A 2007 Oil City High School graduate and Oil City native is serving in the U.S. Navy aboard the guided missile destroyer, USS Ross.
Lt. Ben Garbacz is a surface warfare officer aboard the forward-deployed Arleigh Burke-class guided missile destroyer operating out of Rota, Spain. Ross is one of four destroyers home ported in Rota.
A Navy surface warfare officer is responsible for the 3D air search radar, the combat systems suite equipment, ballistic missile defense and anti-air warfare areas on board the ship.
“Because I work with ballistic missile defense, my job deals directly with the primary mission of our forward deployed naval forces here,” said Garbacz.
Commissioned in June 1997 the Ross measures about 500 feet and is powered by four gas turbines that allow the destroyer to achieve over 30 mph in open seas.
It was named in honor of Medal of Honor recipient Capt. Donald K. Ross. He was awarded the Medal of Honor for his heroism during the attack on Pearl Harbor.
This ship has been fitted with the Aegis ballistic missile defense capability that enables the ship to conduct long-range surveillance, tracking, and engagement of short and medium-range ballistic missiles.
According to Navy officials, destroyers are tactical multi-mission surface combatants capable of conducting anti-air warfare, anti-submarine warfare and anti-surface warfare, as well as humanitarian assistance. Fast, maneuverable, and technically advanced, destroyers provide the required warfighting expertise and operational flexibility to execute any tasking overseas.
Assigned to U.S. 6th Fleet, sailors are on watch throughout the European region and are important assets supporting the European Phased Adaptive Approach to enhance the security of that area of the world from ballistic missile threats originating in the Middle East.
In addition to Ross, three other BMD capable ships are forwarded deployed in Rota: USS Porter, USS Carney and USS Donald Cook. Having four destroyers based in Rota gives the U.S. 6th Fleet flexibility to send these ships to a variety of locations for a range of missions, while at the same time providing a large umbrella of protection for European allies.
Approximately 30 officers and 300 enlisted men and women make up the ship’s company.
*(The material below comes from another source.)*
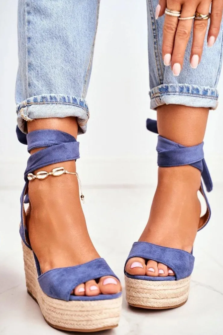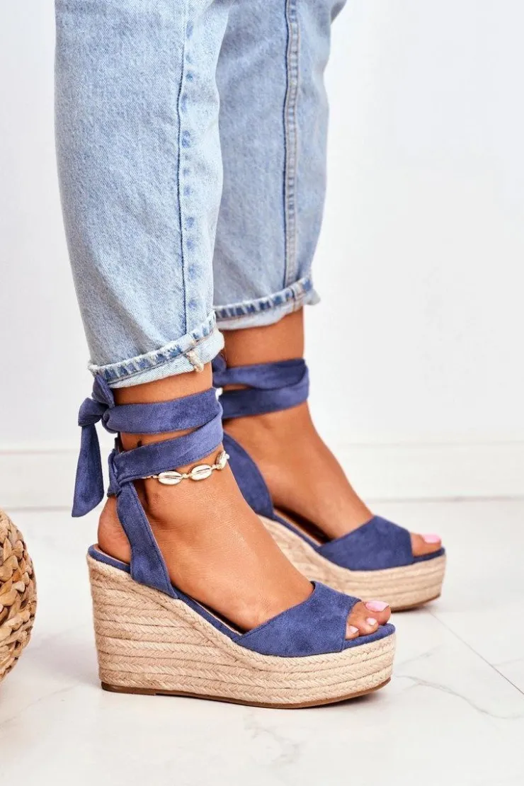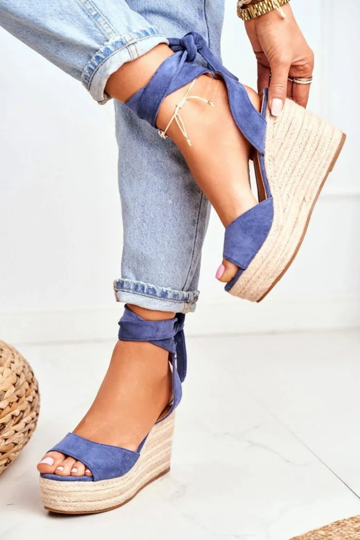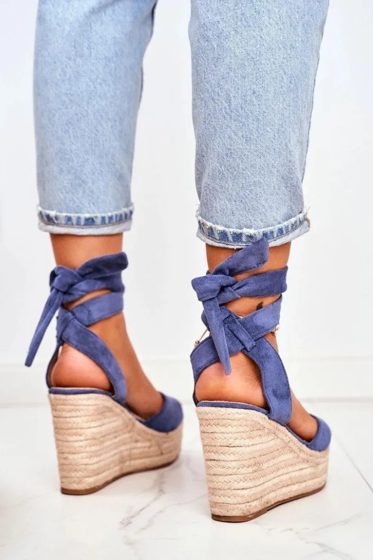 Damskie Boto Sandały Damskie Na Koturnie Espadryle Niebieskie Ollie
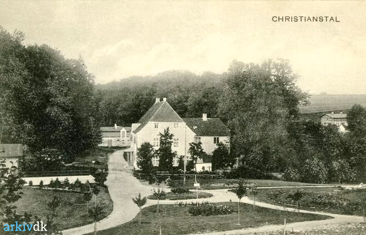 Til højre ses El-Værket og bag ved Herrehuset, til højre ses Arbejderboliger. |

Their jobs are highly specialized and keep each part of the cruiser running smoothly, according to Navy officials. The jobs range from washing dishes and preparing meals to maintaining engines and handling weaponry.
“This ship is able to effectively get underway quickly,” said Garbacz. “We can get up and go at a moment’s notice. The crew works really well together and is a well-oiled machine which makes serving here very enjoyable.”
Challenging living conditions build strong fellowship among the crew, Navy officials explained. The crew is highly motivated, and quickly adapt to changing conditions. It is a busy life of specialized work, watches, and drills.
As a member of one of the U.S. Navy’s most relied upon assets, Garbacz explained that he and other Ross sailors know they are part of a legacy that will be last beyond their lifetimes.
“I really enjoy working with all of the sailors,” added Garbacz. “In my position as an officer, you have the opportunity to impact individuals and are responsible for their well being, and I take that very seriously.”